We condemn any violence against the people of Burma and reiterate our calls on the Burmese military to refrain from violence against peaceful protesters. We applaud yesterday’s announcement of sanctions by the United Kingdom and Canada against the Burmese military leaders responsible for the coup. As President Biden and Secretary Blinken have both said, the United States will continue to lead the diplomatic effort to galvanize the international community into collective action against those responsible for this coup.

Yesterday, Secretary Blinken discussed the situation in Burma with his counterparts from France, Germany, and the United Kingdom. They condemned the coup and called on the military leaders to immediately end the state of emergency, restore power to the democratically elected government, release all those unjustly detained, and respect human rights and the rule of law.

Separately, Secretary Blinken and leaders from Australia, India, and Japan – also yesterday – discussed the urgent need to restore the democratically elected government in Burma. The United States will continue to stand with the people of Burma. We will work with partners and allies to press the Burmese military to reverse its actions and to help the people of Burma realize their aspirations for peace, democracy, and the rule of law.
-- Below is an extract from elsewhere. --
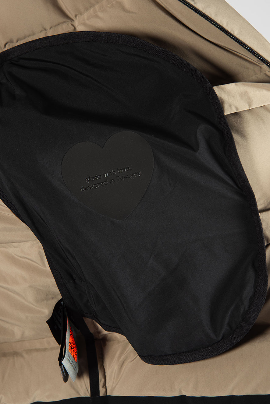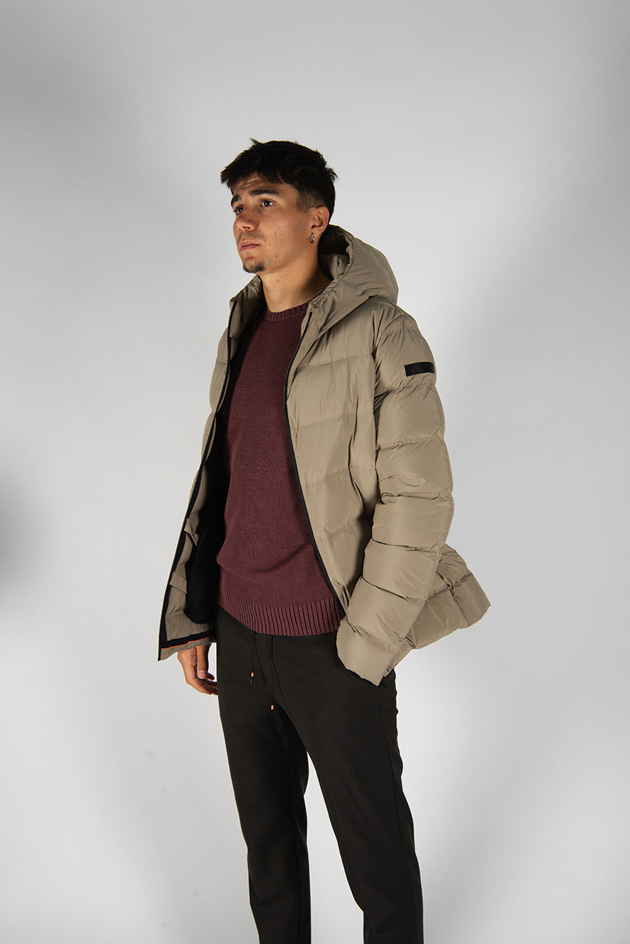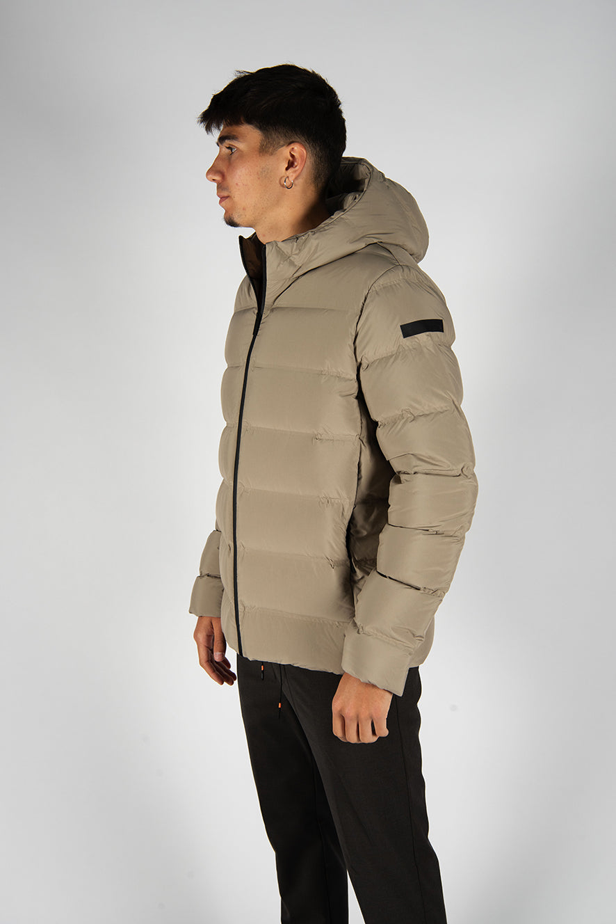 Il piumino di lunghezza media e dal fit regolare è caratterizzato dalla texture senza soluzione di continuità dei canali tubici dal touch morbido e consistente, che contengono l'imbottitura in piuma d'anatra 90/10. La costruzione ad alta densità è rinforzata dalle nastrature interne. Sul davanti, la zip spirale spalmata nera solca il pattern orizzontale del tubico da 10 cm, fino ad assicurare il collo alto e protettivo e il cappuccio avvolgente fisso. Le tasche laterali sono provviste di zip invisibile, mentre l'interno è dotato di un taschino con zip invisibile, impreziosito dal doppio filetto arancione e dalla tag a cuore "Made with love, designed in Tuscany". Il logo a microiniezione nero sulla manica sinistra firma un capospalla perfetto per tutti coloro che cercano calore e leggerezza in ogni situazione.

Now moving on to China, the United States joins the Philippines, Vietnam, Indonesia, Japan, and other countries in expressing concern with China’s recently enacted Coast Guard law, which may escalate ongoing territorial and maritime disputes.

We are specifically concerned by language in the law that expressly ties the potential use of force, including armed force by the China Coast Guard, to the enforcement of China’s claims in ongoing territorial and maritime disputes in the East and South China Seas.

Language in that law, including text allowing the coast guard to destroy other countries’ economic structures and to use force in defending China’s maritime claims in disputed areas, strongly implies this law could be used to intimidate the PRC’s maritime neighbors.

We remind the PRC and all whose force operates – whose forces operate in the South China Sea that responsible maritime forces act with professionalism and restraint in the exercise of their authorities.

We are further concerned that China may invoke this new law to assert its unlawful maritime claims in the South China Sea, which were thoroughly repudiated by the 2016 Arbitral Tribal[1] ruling. In this regard, the United States reaffirms its statement of July 13th, 2020 regarding maritime claims in the South China Sea.

The United States reminds China of its obligations under the United Nations Charter to refrain from the threat or use of force, and to conform its maritime claims to the International Law of the Sea, as reflected in the 1982 Law of the Sea Convention. We stand firm in our respective alliance commitments to Japan and the Philippines.

So with that, Operator, if you want to offer instructions for questions, we’ll turn to questions.

OPERATOR: Thank you. Once again, ladies and gentlemen, if you wish to ask a question please select one then zero on your telephone keypad. You may withdraw your question at any time by repeating the one-zero command. If you’re using a speakerphone, please pick up the handset before pressing the numbers. Once again, if you have a question, please select one then zero at this time.

MR PRICE: Great. We will go to the line of Matt Lee, please.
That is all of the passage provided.